Greunenkriek tekst & media


Blog Post

Tiepeltaauwke

Ingetekstueel • Dec 19, 2018

'Ah, da's n tiepeltaauwke', zegt ze, als ze het nieuwste speelgoed van haar kleindochter ziet. De kleindochter kreeg het regenboogkleurige touwtje tijdens Sint-Maarten en de naam ‘Rainbow Rope’ doet geenszins vermoeden dat er decennia geleden al kinderen hun vingerlenigheid mee oefenden op Groningse schoolpleinen. Oma demonstreert vaardig welke trucjes ze kan: ze vouwt het touwtje rond haar vingers, strekt die uit en demonstreert een kop-en-schotel.

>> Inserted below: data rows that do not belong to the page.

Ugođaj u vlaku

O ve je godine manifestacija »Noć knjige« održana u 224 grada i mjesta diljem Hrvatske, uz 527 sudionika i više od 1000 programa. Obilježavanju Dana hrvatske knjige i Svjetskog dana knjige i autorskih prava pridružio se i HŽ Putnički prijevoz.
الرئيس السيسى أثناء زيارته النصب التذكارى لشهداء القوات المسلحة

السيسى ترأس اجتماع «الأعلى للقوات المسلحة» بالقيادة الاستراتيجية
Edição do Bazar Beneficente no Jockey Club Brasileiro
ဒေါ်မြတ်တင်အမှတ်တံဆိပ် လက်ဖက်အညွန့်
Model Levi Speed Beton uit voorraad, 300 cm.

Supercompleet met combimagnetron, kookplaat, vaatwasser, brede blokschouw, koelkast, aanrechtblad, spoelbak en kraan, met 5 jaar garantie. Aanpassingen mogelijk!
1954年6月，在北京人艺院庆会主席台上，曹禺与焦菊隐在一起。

Andersom blijkt het een parachute. ‘Het-geheim-van-de-smid-is-dit’, zegt ze, en dan blijkt het touwtje, dat ze als een gordiaanse knoop rond de vingers van haar ene hand heeft gevlochten, in één ruk los te schieten en helemaal geen knoop te zijn. Prachtig vindt haar kleindochter het en ze is erop gebrand de trucjes met net zoveel vingervlugheid onder de knie te krijgen. Eat your heart out, tablet!

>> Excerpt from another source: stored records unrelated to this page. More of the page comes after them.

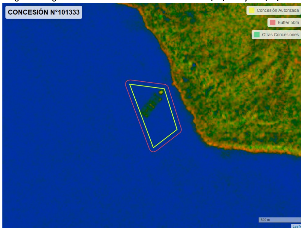
Figura 2. Imagen satelital del monitoreo realizado entre el 01/11/2022 y el 31/12/2022

En las siguientes figuras se muestran las imágenes analizadas para cada periodo y/o fecha: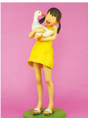
桜文鳥 《あかねちゃんとおひるちゃん》 2002年、作者蔵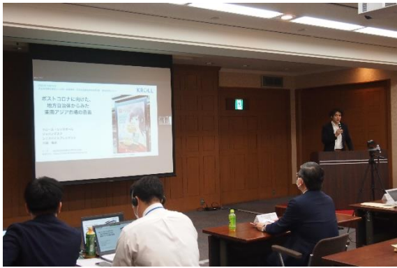
川端様ご講演の様子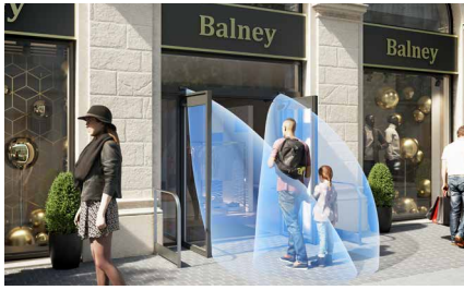
Double porte battante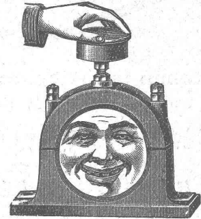
Palier refroidi pendant la marche au moyen de graisse ou de l'huile réfrigérante Brun.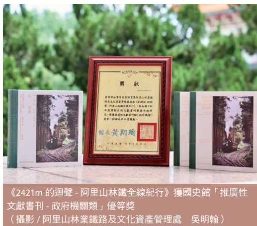
《2421m的迴聲 - 阿里山林鐵全線紀行》獲國史館「推廣性文獻書刊 - 政府機關類」優等獎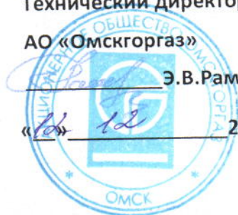
График № ПТО-847

к договору № 08р/2-10 от 17.01.2014года на 2017г.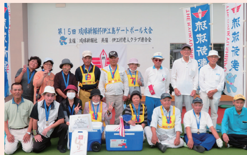
西江上、西崎、東江前チームのみなさん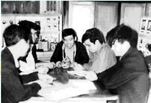
Tổ Cơ sở thời kỳ 1974 - 1976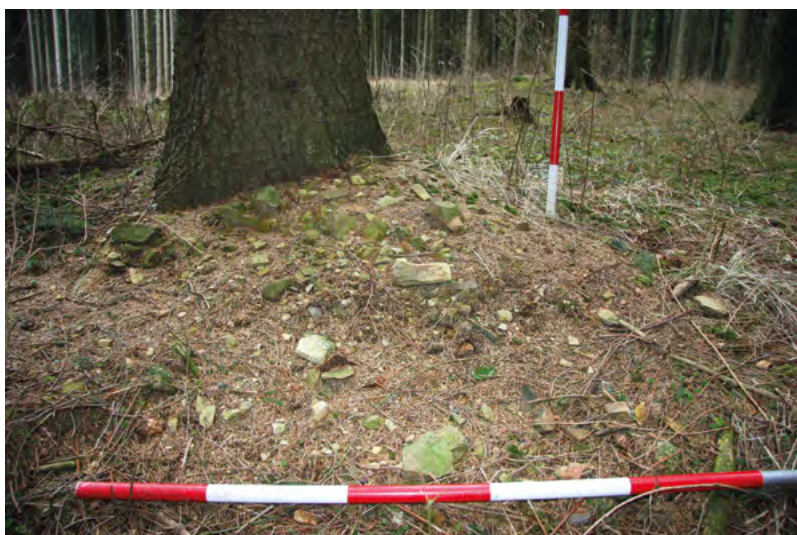
↑ Vytěžená hornina – hlušina. Foto P. Macků 2015

Literatura: Nekuda 1961; Měřínský 1977, 1978, 1984; Nekuda – Unger 1981; Merta 1984; Houzar – Škrdla – Vokáč 2007.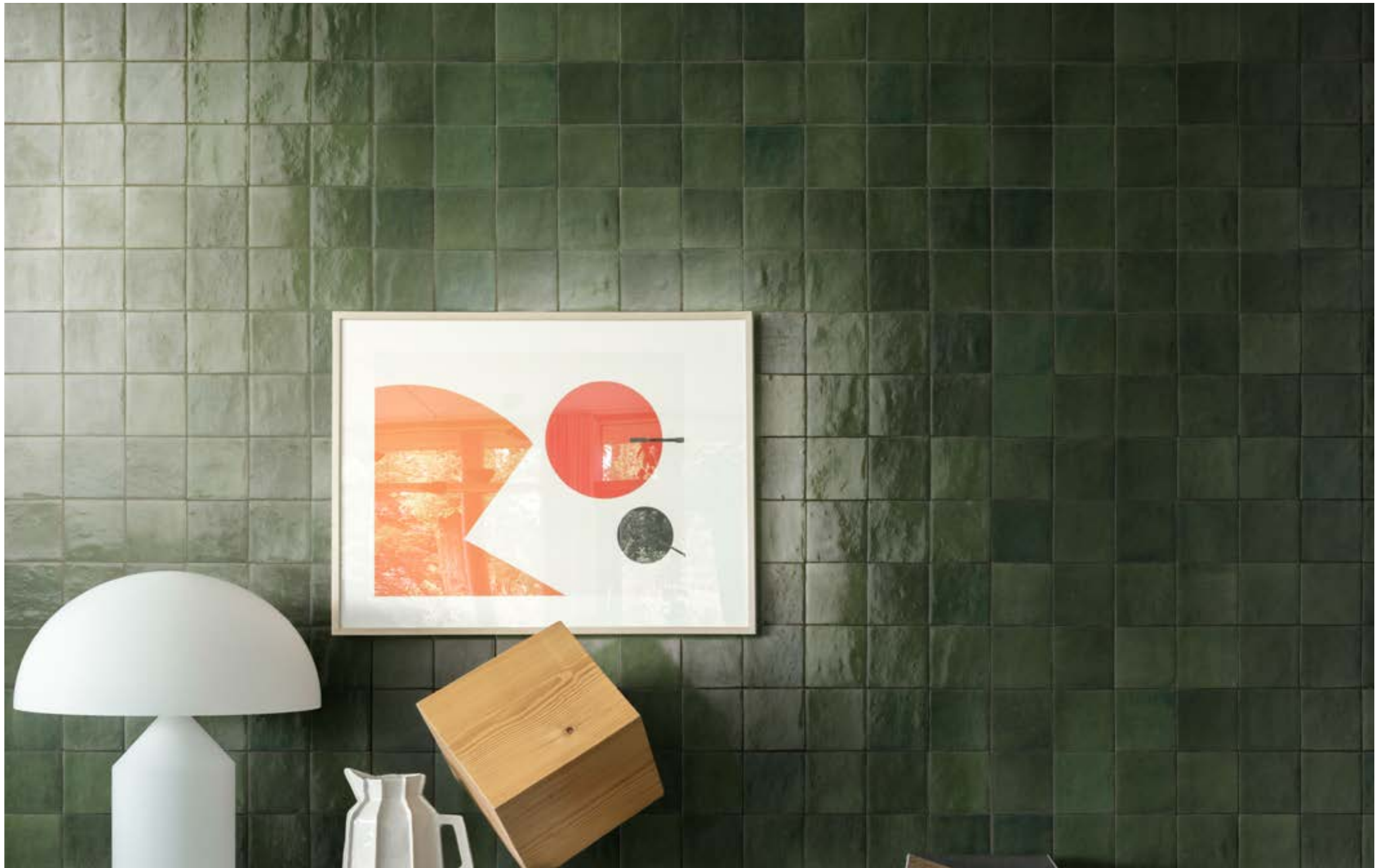
M5QS ゼリージェ ボスコ 100×100

Het hippe touwtje is dus van alle generaties, anders dan Dora the Explorer met haar toverrugtas. ‘Tiepeln’ is dat ook: het betreft een bepaald spel. In Ter Laan is het opgenomen als ‘jongensspel’(!) en volgens de beschrijving in dat Encyclopedisch Woordenboek gaan er stokken en territoriumdrift mee gepaard. In ieder geval moet je beweeglijk (Gronings: wif) zijn om de verdedigingsrol goed te kunnen spelen. ‘Tiepelzinneg’ betekent dan ook dat je wispelturig bent. Als iemand zich verveelt is dat ‘tiepelzinneghaid’, ‘tiepelwaark’ is een precisiewerkje en ‘tiepelderij’ gepeuter.

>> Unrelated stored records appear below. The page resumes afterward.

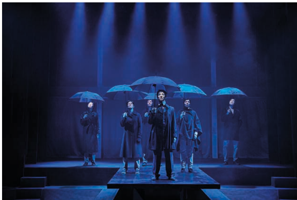
Odense Teater: "Forårsrollen" - Instruktion: Martin Lyngbo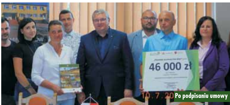
10.7.20 Po podpisaniu umowy

zadania „Zagospodarowanie kompleksu sportowo-rekreacyjnego w Turkowach”, w ramach XIII edycji konkursu „Pięknieje Wielkopolska Wieś”. W ramach projektu zostanie wykonany parking z wyznaczonym miejscem dla osób niepełnosprawnych, uzupełnienie ogrodzenia oraz niwelacja części skarpy. Zostaną wymienione siatki dwóch piłkochwyty, siatka do siatkówki oraz siatki w bramkach. Przewidywany koszt inwestycji wyniesie 65.815,64 zł, z czego 46.000 zł stanowi dofinansowanie. Oprac. m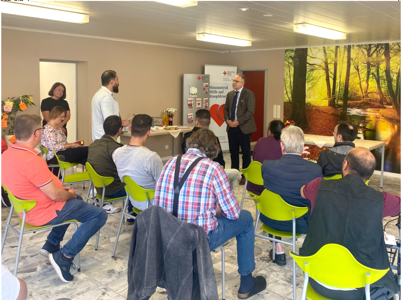
Bürgermeister Thomas Kerkhoff kommt in der Reihe "Bürgermeister vor Ort" mit Bürgerinnen und Bürgern ins Gespräch.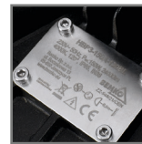
grawerowana tabliczka znamionowa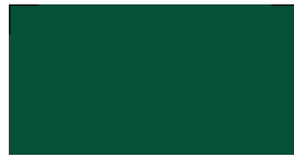
613 Forest green Waldgrün Vert forêt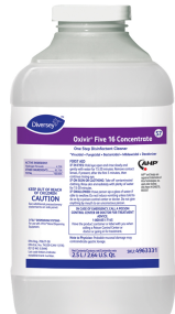
Oxivir® Five 16 Conc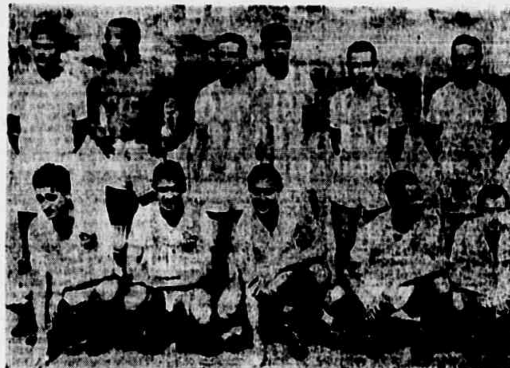
A equipe do São Cristóvão, ainda longe da melhor forma. Os alunos, entretanto, estão animados, esperando um resultado favorável na partida de domingo.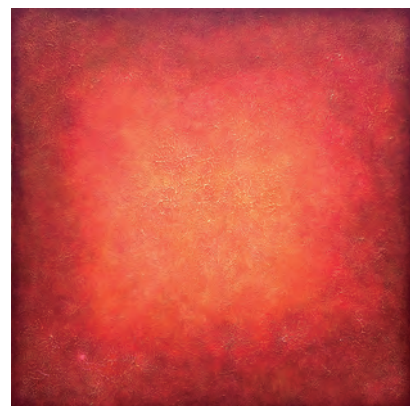
《Return to the Infinite-6》2015

Over dat tiepelzinnege nog een laatste anekdote: in een antracietkleurig verleden wilde mijn zus normaliter niet naast me zitten op de bank in onze woonkamer, omdat ik te beweeglijk was en onophoudelijk wriemelde en wrong om me comfortabel te installeren tussen de kussens. ‘Kiend, dou nait zo tiepelzinneg’, werd me eens te verstaan gegeven. Toen later weer eens iemand vroeg of ik alsjeblieft even stil wilde zitten, blijk ik te hebben verklaard: ‘Dat wiebelen kan ik niet helpen, want ik ben wiebelzinnig’.